▸ **Description of the task**: Exactly as written, set down the lines from the top of the entries through the line bearing "初夏にハンカチのような白い花をたくさん咲かせます。", with every picture left out.

▸ **Provided records**:
%%

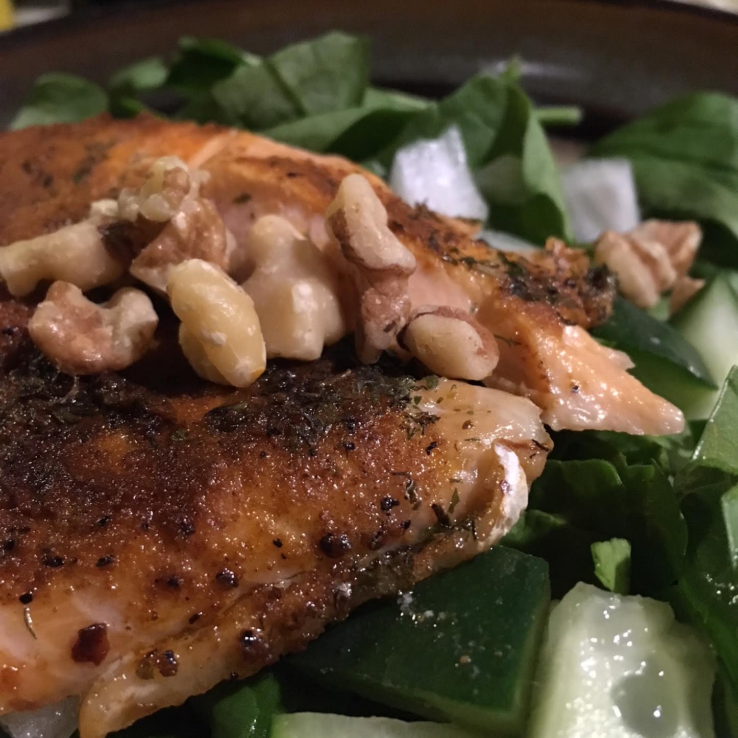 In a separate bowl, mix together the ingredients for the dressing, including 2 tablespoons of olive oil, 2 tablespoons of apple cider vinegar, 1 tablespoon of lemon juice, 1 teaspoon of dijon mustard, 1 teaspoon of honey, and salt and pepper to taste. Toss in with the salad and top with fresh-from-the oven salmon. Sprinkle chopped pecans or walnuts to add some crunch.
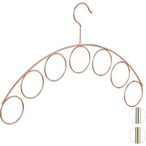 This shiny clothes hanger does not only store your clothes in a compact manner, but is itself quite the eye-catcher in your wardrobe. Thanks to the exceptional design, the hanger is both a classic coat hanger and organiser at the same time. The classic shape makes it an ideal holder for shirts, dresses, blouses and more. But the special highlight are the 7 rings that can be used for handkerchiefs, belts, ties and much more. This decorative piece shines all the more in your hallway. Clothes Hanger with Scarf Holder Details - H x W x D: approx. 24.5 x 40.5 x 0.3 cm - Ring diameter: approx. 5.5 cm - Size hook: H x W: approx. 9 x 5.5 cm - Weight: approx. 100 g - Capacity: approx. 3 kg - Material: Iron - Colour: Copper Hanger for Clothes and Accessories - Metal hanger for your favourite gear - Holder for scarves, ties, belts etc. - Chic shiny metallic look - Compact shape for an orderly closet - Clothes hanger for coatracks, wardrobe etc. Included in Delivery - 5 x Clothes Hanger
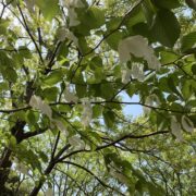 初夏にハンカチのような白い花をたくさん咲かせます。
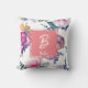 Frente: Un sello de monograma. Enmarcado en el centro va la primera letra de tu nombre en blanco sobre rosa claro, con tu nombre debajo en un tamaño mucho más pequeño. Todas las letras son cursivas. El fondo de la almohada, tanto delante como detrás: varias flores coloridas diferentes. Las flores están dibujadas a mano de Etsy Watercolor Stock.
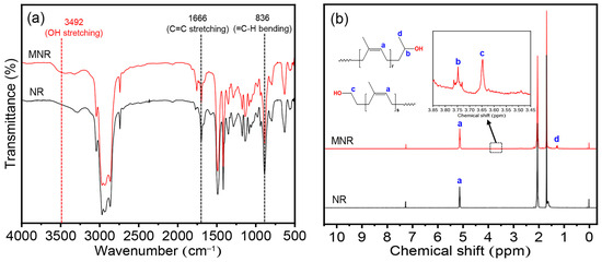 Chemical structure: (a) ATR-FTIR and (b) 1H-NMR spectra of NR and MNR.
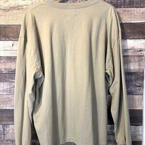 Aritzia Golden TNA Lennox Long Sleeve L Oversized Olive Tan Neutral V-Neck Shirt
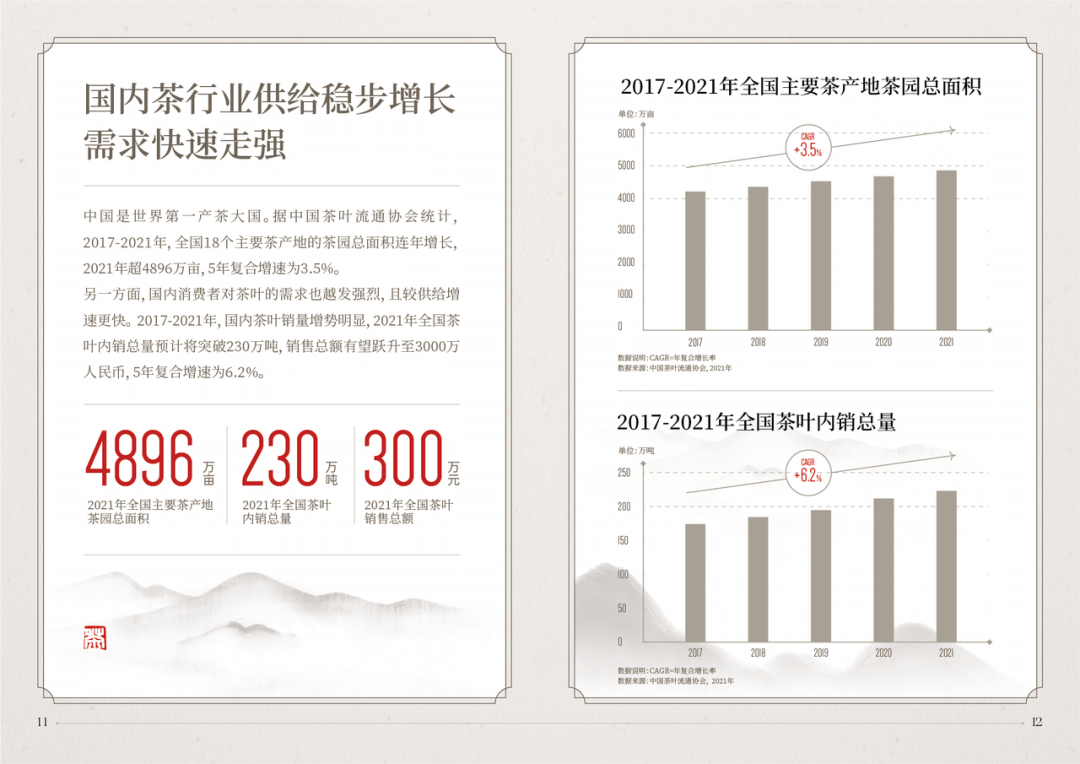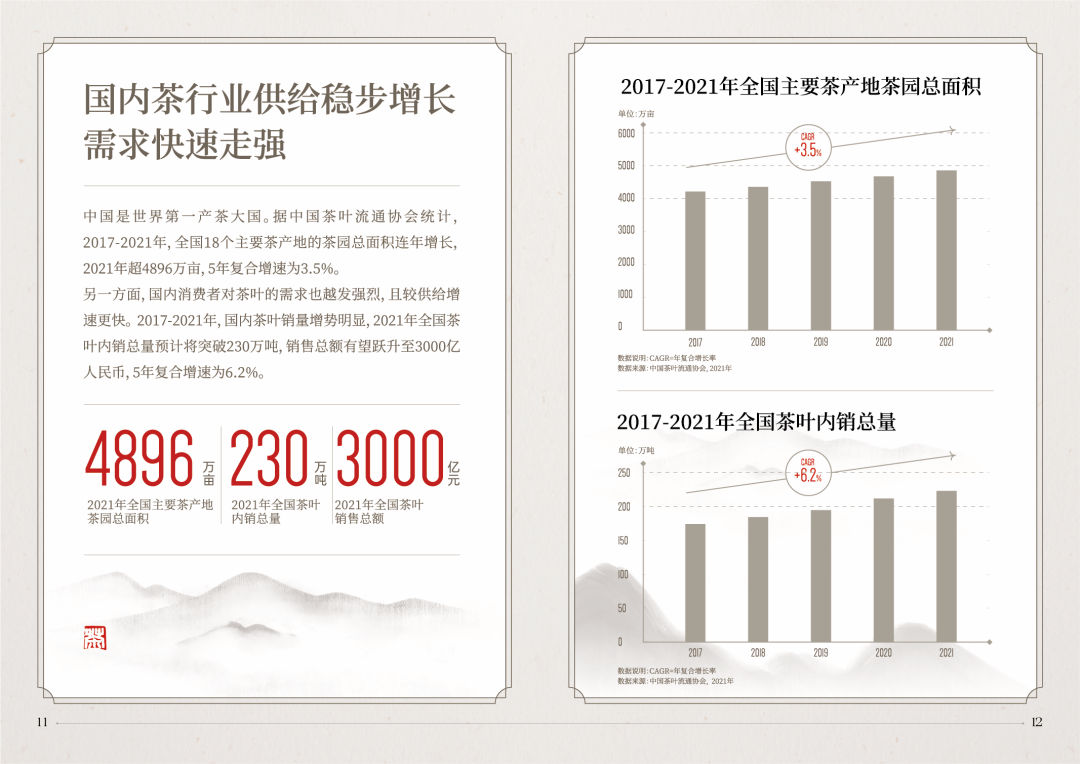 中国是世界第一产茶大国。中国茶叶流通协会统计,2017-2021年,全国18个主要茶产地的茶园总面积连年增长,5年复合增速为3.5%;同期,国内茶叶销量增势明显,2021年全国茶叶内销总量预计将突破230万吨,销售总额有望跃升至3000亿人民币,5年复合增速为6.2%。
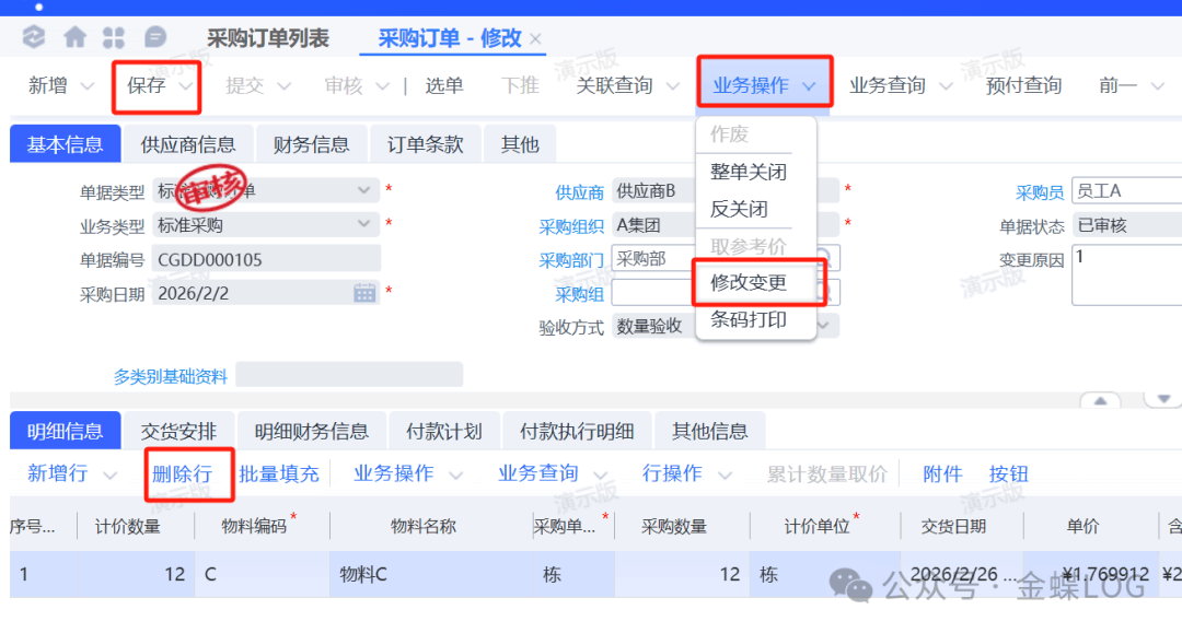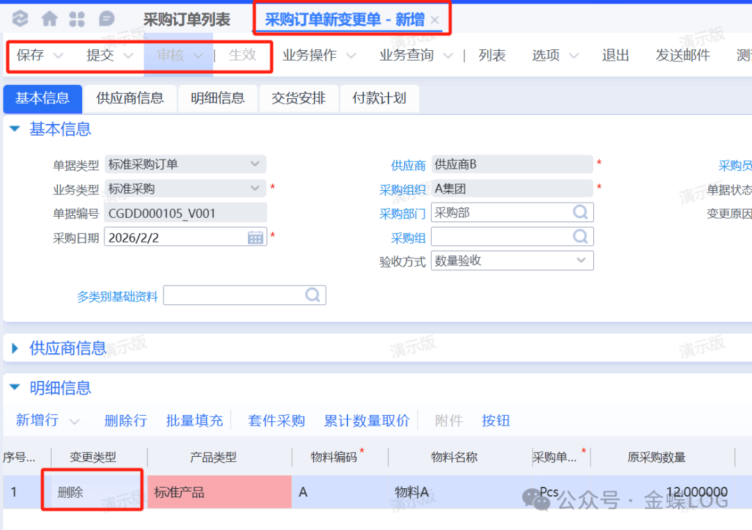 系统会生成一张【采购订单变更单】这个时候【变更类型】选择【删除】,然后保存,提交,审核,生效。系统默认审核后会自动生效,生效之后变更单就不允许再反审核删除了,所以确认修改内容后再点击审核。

%%

▸ **Response area**:
 In a separate bowl, mix together the ingredients for the dressing, including 2 tablespoons of olive oil, 2 tablespoons of apple cider vinegar, 1 tablespoon of lemon juice, 1 teaspoon of dijon mustard, 1 teaspoon of honey, and salt and pepper to taste. Toss in with the salad and top with fresh-from-the oven salmon. Sprinkle chopped pecans or walnuts to add some crunch.
 This shiny clothes hanger does not only store your clothes in a compact manner, but is itself quite the eye-catcher in your wardrobe. Thanks to the exceptional design, the hanger is both a classic coat hanger and organiser at the same time. The classic shape makes it an ideal holder for shirts, dresses, blouses and more. But the special highlight are the 7 rings that can be used for handkerchiefs, belts, ties and much more. This decorative piece shines all the more in your hallway. Clothes Hanger with Scarf Holder Details - H x W x D: approx. 24.5 x 40.5 x 0.3 cm - Ring diameter: approx. 5.5 cm - Size hook: H x W: approx. 9 x 5.5 cm - Weight: approx. 100 g - Capacity: approx. 3 kg - Material: Iron - Colour: Copper Hanger for Clothes and Accessories - Metal hanger for your favourite gear - Holder for scarves, ties, belts etc. - Chic shiny metallic look - Compact shape for an orderly closet - Clothes hanger for coatracks, wardrobe etc. Included in Delivery - 5 x Clothes Hanger
 初夏にハンカチのような白い花をたくさん咲かせます。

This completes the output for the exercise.